ANTLR4 相当于什么!在词法分析器规则中? [英] What is the ANTLR4 equivalent of a ! in a lexer rule?
问题描述
我正在将旧的 ANTLR 2 语法转换为 ANTLR 4,但在字符串规则方面遇到了问题.
I'm working on converting an old ANTLR 2 grammar to ANTLR 4, and I'm having trouble with the string rule.
STRING :
'\''!
(
~('\'' | '\\' | '\r' | '\n')
)*
'\''!
;
这将创建一个 STRING
标记,其文本包含字符串的内容,但 不包含开始和结束引号,因为 !代码> 引号文字后的符号.
This creates a STRING
token whose text contains the contents of the string, but does not contain the starting and ending quotes, because of the !
symbol after the quote literals.
!
符号上的 ANTLR 4 扼流圈,('!' 对我来说完全出乎意料 (AC0050)
)但是如果我不使用它,我最终带有包含引号的标记,这不是我想要的.将其移植到 ANTLR 4 的正确方法是什么?
ANTLR 4 chokes on the !
symbol, ('!' came as a complete surprise to me (AC0050)

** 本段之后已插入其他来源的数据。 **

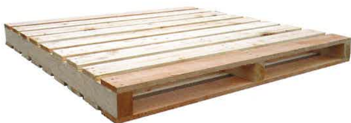
二方差しパレット

比較的構造が単純なため堅牢で耐久性に優れ、倉庫での保管用やトラック・鉄道・船舶など各種輸送機関に幅広く使われています。

) but if I leave it off, I end up with tokens that contain the quotes, which is not what I want. What's the correct way to port this to ANTLR 4?
推荐答案
Antlr4 通常将标记视为不可变的,至少在不支持语言中立的 !
等价物的意义上是这样.
Antlr4 generally treats tokens as being immutable, at least in the sense that there is no support for a language neutral equivalent of !
.
也许实现等价的最简单方法是:
Perhaps the simplest way to accomplish the equivalent is:
string : str=STRING { Strings.unquote($str); } ;
STRING : SQuote ~[\r\n\\']* SQuote ;
fragment SQuote : '\'' ;
其中 Strings.unquote
是:
public static void unquote(Token token) {
CommonToken ct = (CommonToken) token;
String text = ct.getText();
text = .... unquote it ....
ct.setText(text);
}
使用解析器规则的原因是因为词法分析器(当前)不支持属性引用.不过,它可以在词法分析器规则上完成 - 只需要稍微多花点力气来挖掘令牌.

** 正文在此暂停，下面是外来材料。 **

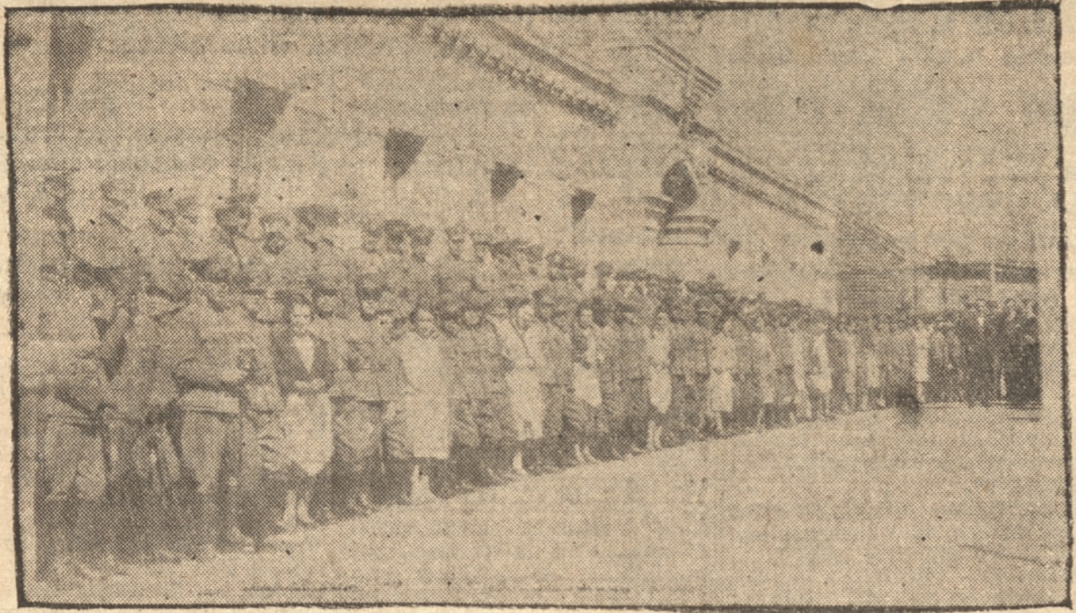
CARABINEROS DE LOTA Y SEÑORITAS QUE LOS ATENDIERON EN EL ALMUERZO

La Asociación de Comerciantes de Lota, que cuenta con más de cien socios, celebró el aniversario Patrio con un banquete en el Hotel Central. Puede decirse que a esta manifestación concurren los elementos más representativos de la

The reason for using a parser rule is because attribute references are not (currently) supported in the lexer. Still, it could be done on the lexer rule - just would require a slight bit more effort to dig to the token.

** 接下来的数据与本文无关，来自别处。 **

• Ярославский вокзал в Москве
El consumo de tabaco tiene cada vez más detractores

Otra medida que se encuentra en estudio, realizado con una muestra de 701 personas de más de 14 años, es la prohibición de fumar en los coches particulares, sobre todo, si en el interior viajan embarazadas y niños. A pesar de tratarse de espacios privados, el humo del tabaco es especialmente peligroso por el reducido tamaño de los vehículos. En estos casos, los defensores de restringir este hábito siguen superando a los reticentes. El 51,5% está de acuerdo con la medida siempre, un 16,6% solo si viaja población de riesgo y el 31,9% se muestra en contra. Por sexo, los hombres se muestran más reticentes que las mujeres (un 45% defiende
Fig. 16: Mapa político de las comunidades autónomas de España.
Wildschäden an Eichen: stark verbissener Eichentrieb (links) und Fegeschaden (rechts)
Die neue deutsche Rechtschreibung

修改令牌文本的另一种方法是使用自定义字段和方法实现自定义令牌.如果感兴趣,请参阅此答案.
An alternative to modifying the token text is to implement a custom token with custom fields and methods. See this answer if of interest.
这篇关于ANTLR4 相当于什么!在词法分析器规则中?的文章就介绍到这了,希望我们推荐的答案对大家有所帮助,也希望大家多多支持IT屋!